Thursday, April 15, 2010

Building a Network of Purpose



I've written many articles showing how expanding your network can help increase the ideas you have, as well as the people who are helping you use those ideas in your work.

I've also written articles showing how we can connect with others through blog exchanges where we use our blogs to introduce other people we meet.

I started using Twitter last year after a workshop at the May 2009 Tutor/Mentor Leadership and Networking Conference presented by Community Media Workshop. As a result, I connected with Valdis Krebs, and he did a workshop at the November conference, and donated his inFlow software so I could begin mapping the networks of the Tutor/Mentor Connection.
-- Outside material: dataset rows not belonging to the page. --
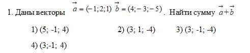 Даны векторы a = (-1;2;1) b = (4;-3;-5) Найти сумму a+b 1) (5; -1; 4) 2) (3; 1; -4) 3) (3; -1; -4) 4) (3;-1; 4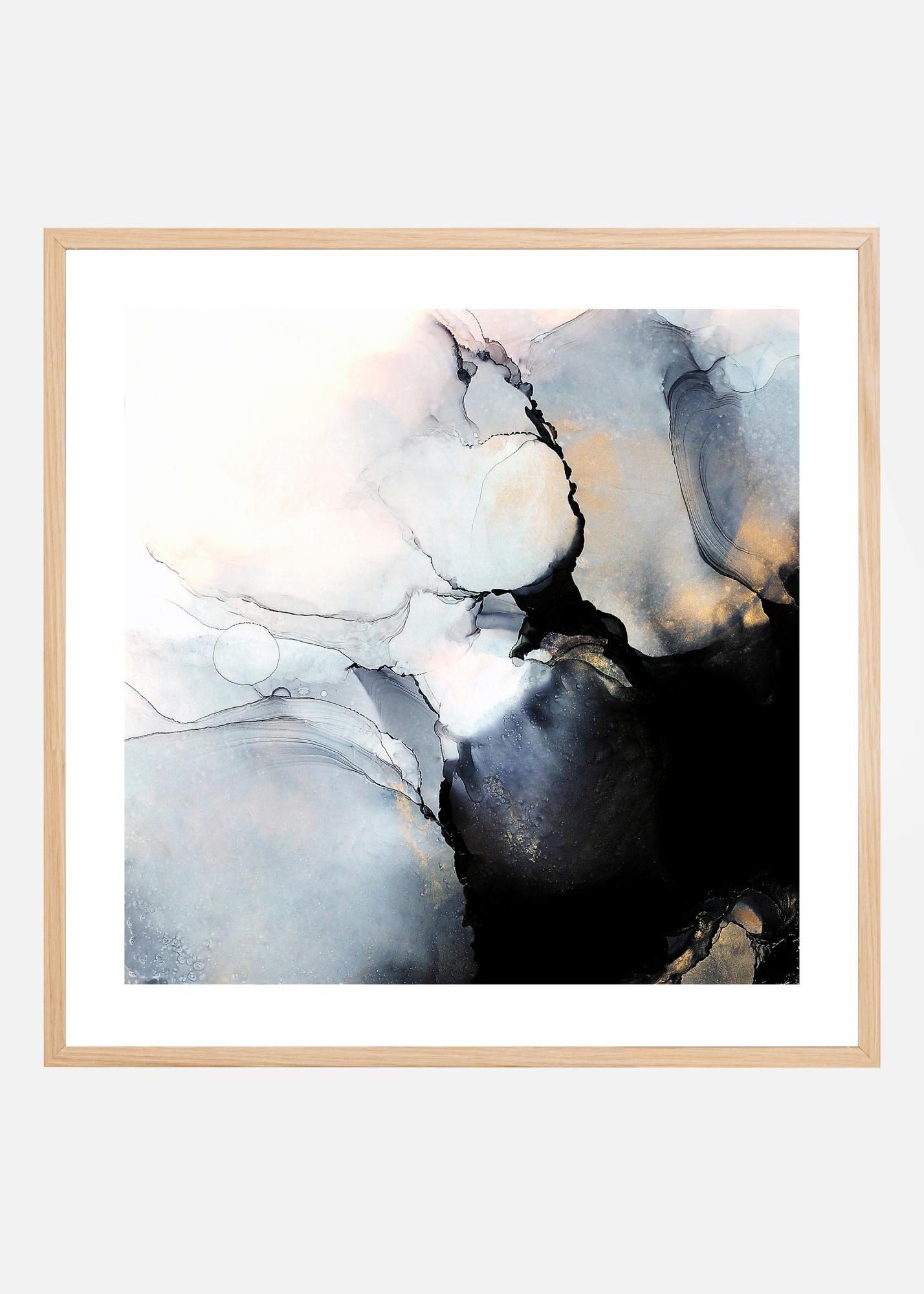 Wspaniały abstrakcyjny plakat artystyczny w akwarelach, w odcieniach czerni, niebieskiego i złota z delikatnymi akcentami różu, stworzony przez artystkę Gabriellę Roberg. Plakat doskonale komponuje się z dziełem Gabrielli DAWN.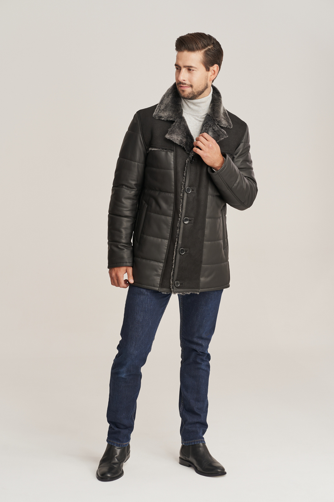Stilinga vyriška juoda natūralios avies odos žieminė striukė
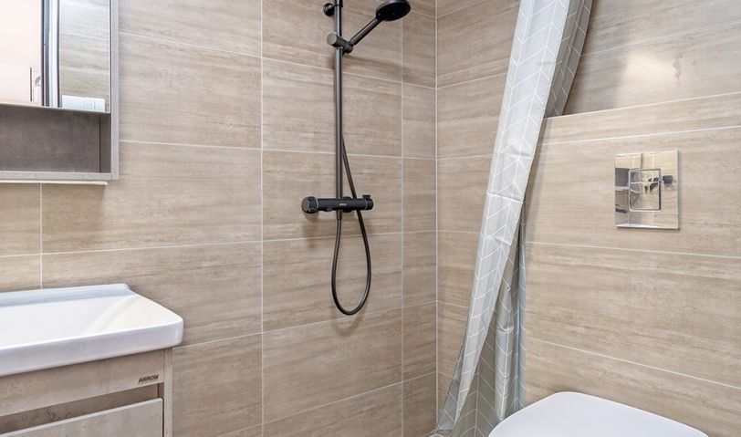 淋浴空間采用浴簾做遮擋的形式,讓使用方便,空間更加的靈活。壁掛馬桶懸空,方便地面的清潔工作。黑色的浴具,使衛(wèi)生間凸顯現(xiàn)代感。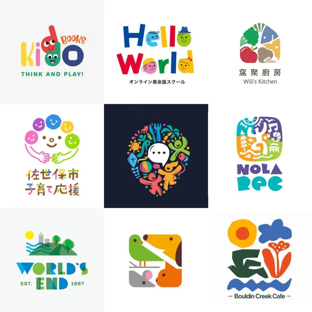 多元素组合成整体化的logo符号,这类设计辨识度高,色彩搭配组合,运用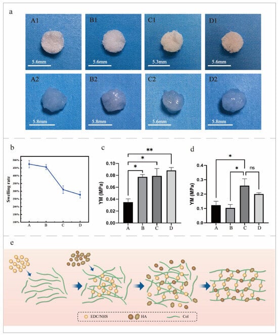 (a) Comparison of the mineralized collagen before and after swelling under different cross-linking conditions. (A1–D1) are the images before swelling, and (A2–D2) are the images after swelling. (A1–A2) are the images of Group A. (B1–B2) are the images of Group B. (C1–C2) are the images of Group C. (D1–D2) are the images of Group D. (b) The swelling rate of the mineralized collagen. (c) The Young’s modulus of the mineralized collagen. (d) The Young’s modulus of the mineralized collagen after swelling. (e) A schematic diagram of the dynamic-cross-linked mineralization after pre-cross-linking. * p < 0.05, ** p < 0.01, ns: no significant difference.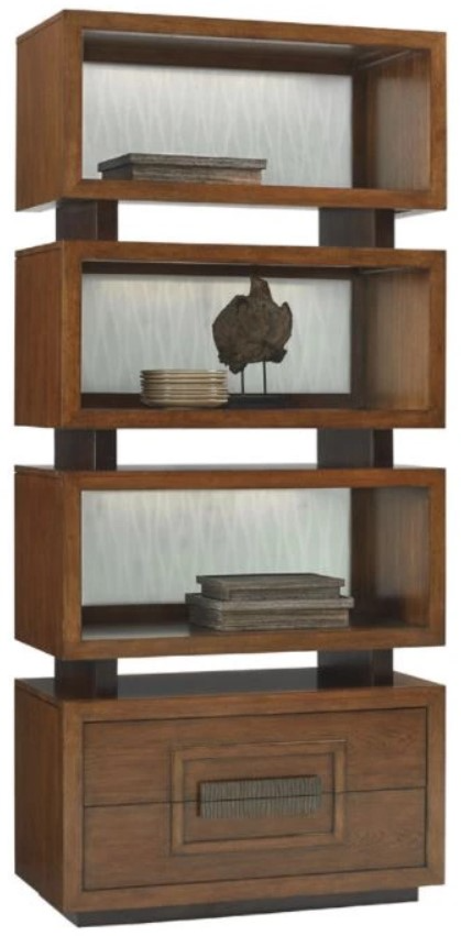 Offering storage in two drawers at the bottom and open display in three tiers, this unique bookcase offers function as well as elegant design. Wavy sea glass back panels are back-lit with LED lighting for a soft, inviting glow.Read More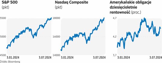 Jak na razie rosnące szanse zwycięstwa Trumpa nie popsuły nastrojów inwestorom giełdowym. Indeks S&P 500 od początku roku do środowego otwarcia zyskał 15,5 proc. I półrocze roku wyborczego było dla niego najlepsze od 1976 r., a w dzień po fatalnej dla Bidena debacie ustanowił rekord. We wtorek przebił poziom 5500 pkt, a Nasdaq Composite przekroczył 18 000 pkt.

This week I met Lalia Helmer on Twitter. She pointed me to a new report that has some great information on the benefits to business that can come as a result of strategic philanthropy.

We talked about finding ways to connect and share more information like this. I suggested linking our blogs. So today, I encourage you to read this article, where Lalia shows how a baking company, Full Bloom Bakery, in Newark, CA, is helping first generation immigrants go to college.

If you know the CEO or owner of one or more Chicago area bakeries, please forward this article to them, and encourage them to become a sponsor of the Tutor/Mentor Connection, and use our maps to reach out to local programs in the neighborhoods where they do business. They can duplicate what Full Bloom Bakery is doing in Chicago and other cities.

This is the value of blog exchanges, Twitter and other networks of purpose. We can share ideas from one part of the world that can be used in other places, by people who do similar work.

Thanks Lalia. Please keep sharing ideas about what businesses are doing to help kids. Maybe we can generate this type of helping from many industries.

1 comment:

Lalia Helmer said...

Hi Daniel,
Thanks for the recognition of my blog post about Full Bloom Bakery's scholarship/mentorship program. More importantly, I love your message about the value of expanding networks. Non-profits and businesses alike will benefit from thinking about the synergy that comes from working together and supporting each other.
Thanks not only for all the great work you do, but in promoting systemic thinking and action.